Es claro el intento de desprestigio previo de las elecciones que varios grupos están intentando su avidez de dar por supuesto que van a ser impuras, manipuladas no representativas. Coartada para declararlas inaceptables si su resultado es adverso para esos grupos. Todavía es más notorio el esfuerzo por disuadir a los electores de participar en ellas. Ya se intentó, con bien conocido fracaso, para el referéndum. mediante una densa propaganda. Ahora se empieza a ver que la propaganda puede ser insuficiente, y se va a poner en juego la intimidación.

Tengo la impresión de que los interesados en ello se han equivocado en cuanto a la oportunidad: han empezado demasiado pronto, y los efectos, siempre pasajeros, se habrán evaporado ya en su mayor parte en el momento de las elecciones. Es más, probablemente se habrá conseguido reafirmar en los electores la voluntad de participación, de tomar en sus manos la decisión sobre los asuntos en que va envuelta su vida.

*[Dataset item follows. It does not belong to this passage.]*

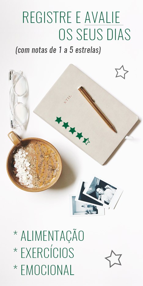 Dê notas de 1 a 5 estrelas para seus dias e registre suas refeições, treinos e sentimentos.

A la intimidación se puede responder de tres maneras, dos de ellas desastrosas, la tercera más atractiva, inteligente y segura. La primera es ceder a ella, plegarse a ella, someterse. Es el peor error imaginable, porque entonces la intimidación no tiene límite. Después de una claudicación viene otra, y luego otra, y así hasta el infinito, es decir, hasta la abyección. Los ejemplos en nuestro siglo y en gran parte del mundo son tan públicos y notorios que no hay que perder tiempo en recordarlos.

La segunda manera es responder a la intimidación con los recursos de la violencia, es decir, con una actitud parecida. En el caso actual se trataría de provocar una intervención armada que eliminara las amenazas renunciando a la democracia que se va a establecer, como aquel doctor de quien hablaba Kierkegaard, qué curaba la fiebre, sí, pero matando al paciente.

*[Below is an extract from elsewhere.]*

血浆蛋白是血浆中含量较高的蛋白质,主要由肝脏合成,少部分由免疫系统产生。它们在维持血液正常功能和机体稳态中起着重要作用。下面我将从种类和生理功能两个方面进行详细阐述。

La tercera solución es la más sencilla. Consiste simplemente en no dejarse intimidar. Se dirá que es más fácil decirlo que hacerlo. Ciertamente; pero es mucho menos peligroso que cualquiera de las otras dos fórmulas e incomparablemente más eficaz. En todo caso, deja la conciencia más tranquila, y no es poco.

Hablando de una película cuyo tema es la guerra civil española, toqué hace poco este tema delicado y urgente. «Se establece -decía yo- una complicada red de terrores que se ejercen en varias direcciones, de manera que prácticamente nadie deje de estar aterrado por alguien, incluso los propios aterrorizado res. Hasta el "mandamás" estaba aterrado por otro que mandaba un poco más, o de los que en principio mandaban mucho menos, pero tenían ciertos poderes concretísimos y eficaces. Sería interesante -es un buen tema para historiadores y sociólogos- determinar si algunos, y quiénes, escaparon a la universal intimidación, en una y otra zona. En la republicana, que es la que conozco, creo que únicamente los que decidieron -irrazonablemente, con una razón vital superior a todas las "razones- ordinarias- no dejarse intimidar, las contadas personas de una contextura moral parecida a la de Julián Besteiro.»

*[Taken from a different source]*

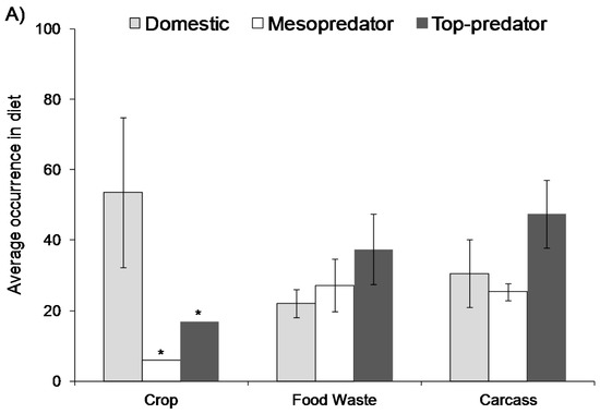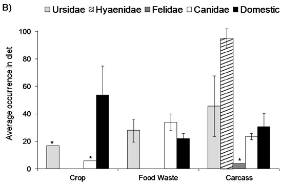 Average occurrence of food waste in the diet of (A) terrestrial predators > 1 kg in body size split into three functional groups and (B) the same data split into five family groups. The figure is based on data from 83 published studies (±95% confidence intervals) [5]. Frequency of occurrence of prey items in scats was used wherever possible. The asterisk (*) indicates that only one study was available. In (A) domestic species are those that have been purposefully changed by genetic selection by humans (e.g., domestic dogs). Mesopredators are species that suffer from top-down effects (e.g., coyote), whereas top predators are species that suffer little from top-down effects upon reaching maturity (e.g., grey wolf).

Creo que esta es la condición para que lleguemos sin grandes peligros ni sobresaltos a las elecciones, a la plena legitimidad del Poder, a la libertad política; para que se abran los caminos de la prosperidad y la justicia, a la estabilidad dinámica de un pueblo que no se detiene ni da saltos, ni paralítico ni epiléptico, más allá del marasmo y del espasmo.